Er hatte es nie erwähnt. Wahrscheinlich war sie der Ansicht gewesen, dass er die Geschichte nicht kenne. Sie wurde blass, bis auf die vom Weinen gerötete Nase.

»Was soll das? Ich finde es geschmacklos von dir, gerade jetzt damit anzufangen. Du kannst doch nicht im Ernst meinen, dass ich Schuld an ihrem Tod habe.«

»Du hast sie verraten.«

»Lächerlich. Wie konnte ich annehmen, dass die Mulders so idiotisch sein würden, eine Liste mit Adressen von Untergrundleuten in ihrem Schreibtisch aufzuheben?«

»Das ist keine Entschuldigung für dich.«

»Ich war siebzehn.«

Er packte ihre Hand. »Und wenn du zehn gewesen wärest. Hast du dem SD-Mann geglaubt, als er sagte, er wolle nur deinen Koffer holen? Sag mir, ob du ihm geglaubt hast?«

»Au. Du tust mir weh. Sei nicht so grob. Natürlich habe ich ihm geglaubt.«

»Du hast die Adresse hergegeben. Und wusstest doch, was für ein Schwein der schöne Ede war.«

»Nein. Ich wusste es nicht. Hatte nie seinen Namen gehört.«

Sie log. Jedes Kind in Amsterdam kannte den Namen. Eine steile Falte stand zwischen ihren Brauen. Ungerührte Bernsteinaugen. Augen der Göttin, die sich gefühllos von den Männern bespringen lässt.

»Hat er dich angerührt?«

»Er hat mich geküsst, wenn du das meinst. Selbstverständlich hat er mich geküsst. Oder glaubst du, dass er für nichts nach meinen Sachen gelaufen ist?«

»Du hast ihm gesagt, wo die Mulders wohnen. Menschen, die dich unter Lebensgefahr versteckt hielten.«

»Er versprach mir, dass ihnen nichts geschehen würde. Ich kann nichts dafür, dass er sein Wort nicht gehalten hat. Schließlich ging es um mein Leben. Ich hatte nicht einmal einen Mantel bei mir, als er mich mitnahm, kein Kleid zum Wechseln, keine Seife, nichts. Einen Taschenkamm und einen winzigen Stumpen von Lippenstift. Er sagte, dass meine Chancen durchzukommen viel größer wären, wenn ich mich ein bisschen hübsch machen könne. Womit er ja recht hatte.«

»Und warum bist du nicht zu Hause geblieben?«

»Als ob man das aushalten könnte mit siebzehn. In einem muffigen Kleinbürgerzimmer herumzusitzen, ohne einen Menschen zu sehen. Übrigens haben es andere Leute ja auch nicht ausgehalten.«

Er hatte Lust, sie zu schlagen. Aber er schlug sie nicht. Sie lächelte überlegen, nahm ihn sanft an der Hand und führte ihn hinaus.

Es war höchste Zeit. Sauerstoffmangel, ein süßlicher Schweißgeruch, die eingefallene Puppe im Bett. Würgen im Hals.

Soviel Erfahrung er mit dem Tod hatte, so wenig mit Leichen. Die erste war von ihm, heimlich bei Nacht, mit Steinen beschwert, in eine Gracht geworfen worden. Der Vater war die zweite, die er sah.

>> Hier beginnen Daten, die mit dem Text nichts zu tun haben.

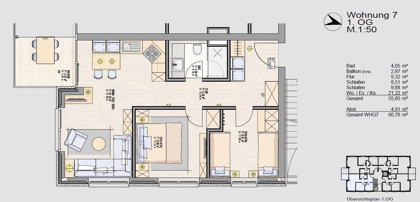 Wohnfläche 60 m²
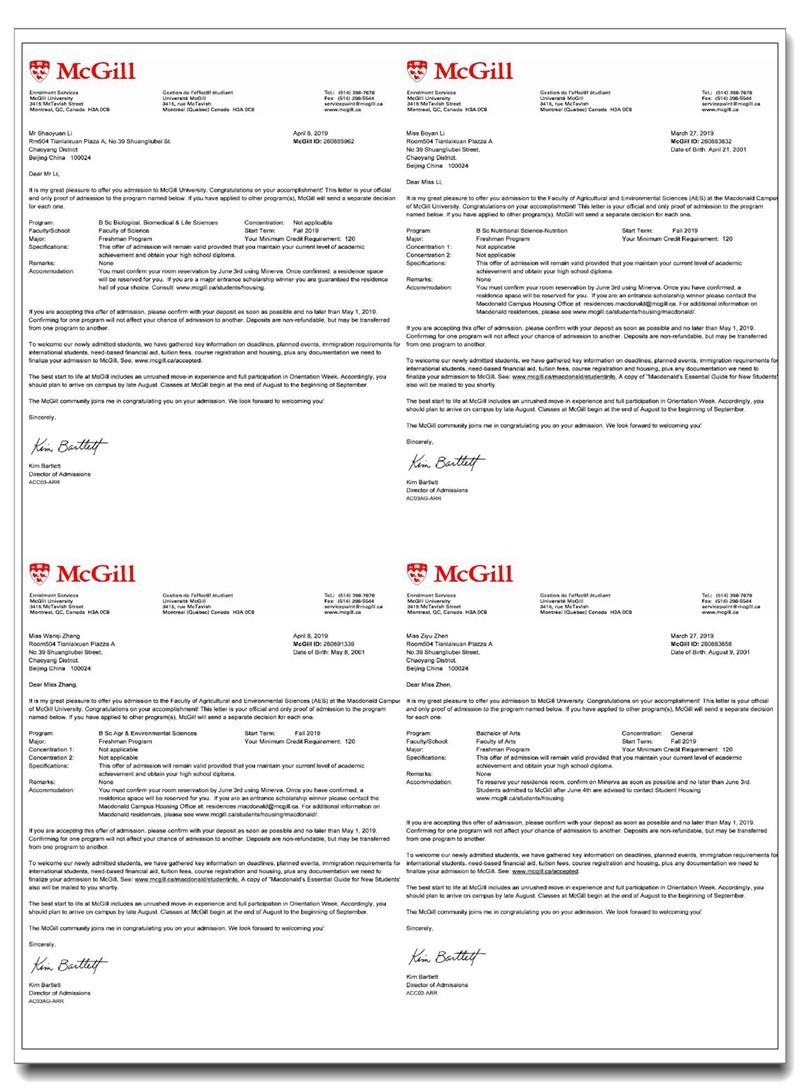 截至2019年6月9日,我校中加国际班第六届毕业生106名同学共收到海外大学录取通知书524封。其中,加拿大大学470封,澳大利亚大学44封,英国大学8封,新西兰大学2封。共计79名学生获得大学奖学金,单个学校较高奖学金金额20000加元。录取结果统计如下:

Sie machte bedeutend mehr Scherereien. Susanne zwang ihn, eine schwarze Krawatte umzubinden und zum Standesamt, Friedhof, Bestattungsinstitut, zur Gärtnerei und Zeitung zu gehen. »Du musst das lernen«, sagte sie auf seinen Protest, »es geht nicht, dass ein erwachsener Mensch sich so anstellt.«

Auf dem Standesamt und dem Friedhof war es nicht schwer. Zwei Schalter für Todesfälle, an dem einen stand A–L, an dem anderen M–Z. Das Grab war vorhanden, die Mutter lag schon darin. Den Sarg auszusuchen erforderte Nachdenken. Er ging zwischen einfachen Kisten und prunkvoll mit Silber ausgeschlagenen Ungetümen hin und her. Konnte sich nicht entschließen. Braucht man überhaupt einen? Wie einfach ist die Gracht.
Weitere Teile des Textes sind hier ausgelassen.